[Extracted entries]:
'''

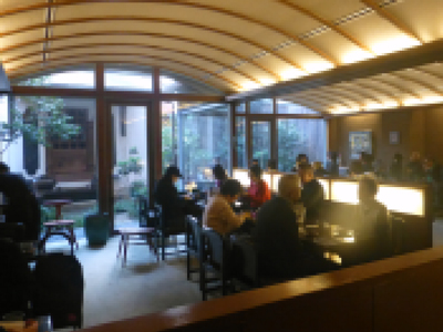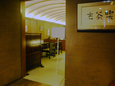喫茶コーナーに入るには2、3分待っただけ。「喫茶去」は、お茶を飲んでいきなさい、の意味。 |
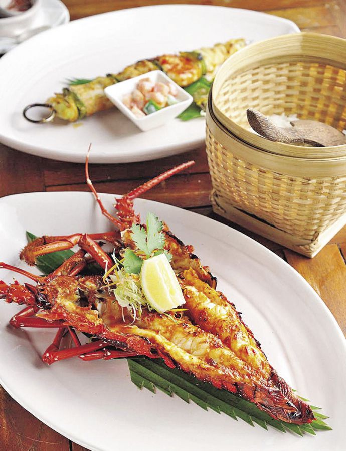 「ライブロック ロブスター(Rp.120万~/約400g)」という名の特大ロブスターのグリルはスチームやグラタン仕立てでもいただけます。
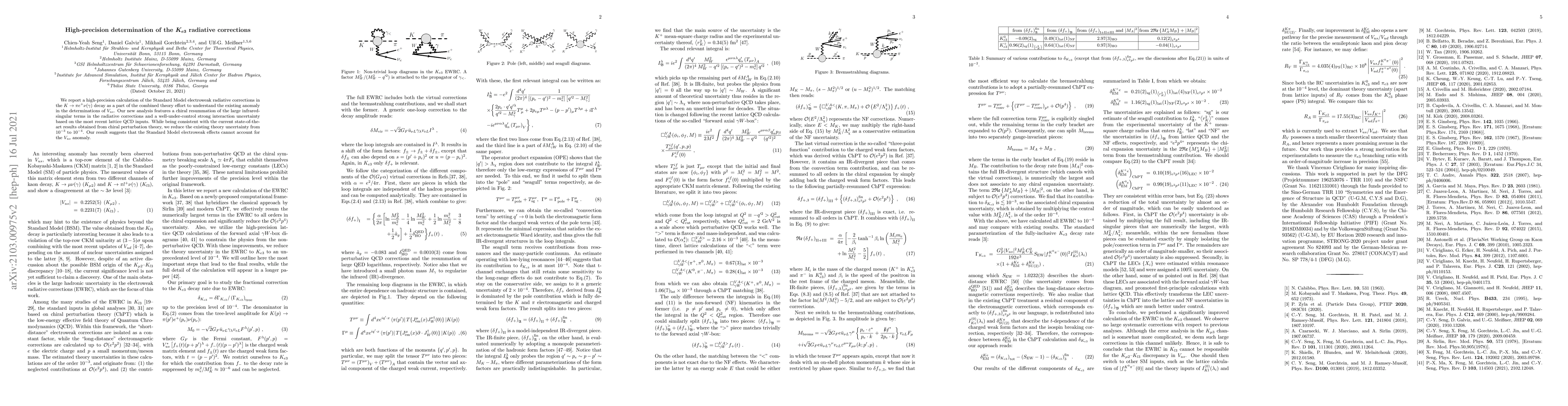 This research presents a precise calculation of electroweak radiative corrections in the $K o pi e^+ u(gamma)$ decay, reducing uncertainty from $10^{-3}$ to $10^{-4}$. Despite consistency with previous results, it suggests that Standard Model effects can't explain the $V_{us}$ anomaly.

'''
'''

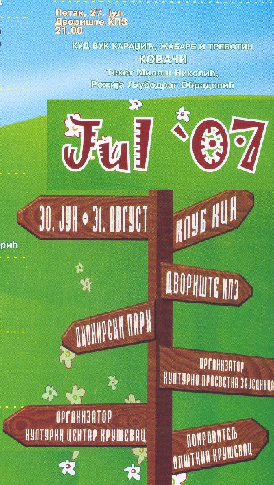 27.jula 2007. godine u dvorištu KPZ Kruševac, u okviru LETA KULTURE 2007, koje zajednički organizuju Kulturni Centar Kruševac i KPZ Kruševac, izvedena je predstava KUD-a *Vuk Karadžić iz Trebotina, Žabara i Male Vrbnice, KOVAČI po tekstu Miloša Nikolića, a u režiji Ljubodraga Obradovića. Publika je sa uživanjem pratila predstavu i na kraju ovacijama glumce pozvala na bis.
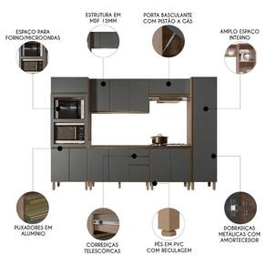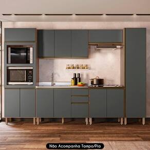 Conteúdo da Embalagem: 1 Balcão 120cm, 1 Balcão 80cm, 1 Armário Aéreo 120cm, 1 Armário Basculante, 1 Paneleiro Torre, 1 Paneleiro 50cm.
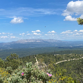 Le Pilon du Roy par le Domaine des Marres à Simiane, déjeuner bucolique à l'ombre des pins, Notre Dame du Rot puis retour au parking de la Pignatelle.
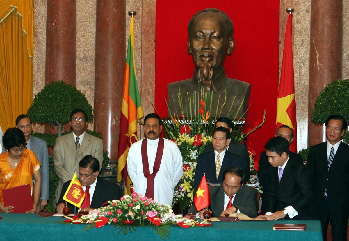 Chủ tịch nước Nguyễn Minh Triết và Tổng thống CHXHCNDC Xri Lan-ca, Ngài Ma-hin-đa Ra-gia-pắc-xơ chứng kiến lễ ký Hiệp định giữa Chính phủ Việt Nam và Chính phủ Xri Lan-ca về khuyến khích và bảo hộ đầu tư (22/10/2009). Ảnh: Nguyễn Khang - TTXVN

'''

[Brief]:
With the pictures omitted, copy exactly the lines of the listing above starting at the line containing "喫茶コーナーに入るには2、3" and ending at the line containing "This research presents", both included.

[Finished task]:
喫茶コーナーに入るには2、3分待っただけ。「喫茶去」は、お茶を飲んでいきなさい、の意味。 |
 「ライブロック ロブスター(Rp.120万~/約400g)」という名の特大ロブスターのグリルはスチームやグラタン仕立てでもいただけます。
 This research presents a precise calculation of electroweak radiative corrections in the $K o pi e^+ u(gamma)$ decay, reducing uncertainty from $10^{-3}$ to $10^{-4}$. Despite consistency with previous results, it suggests that Standard Model effects can't explain the $V_{us}$ anomaly.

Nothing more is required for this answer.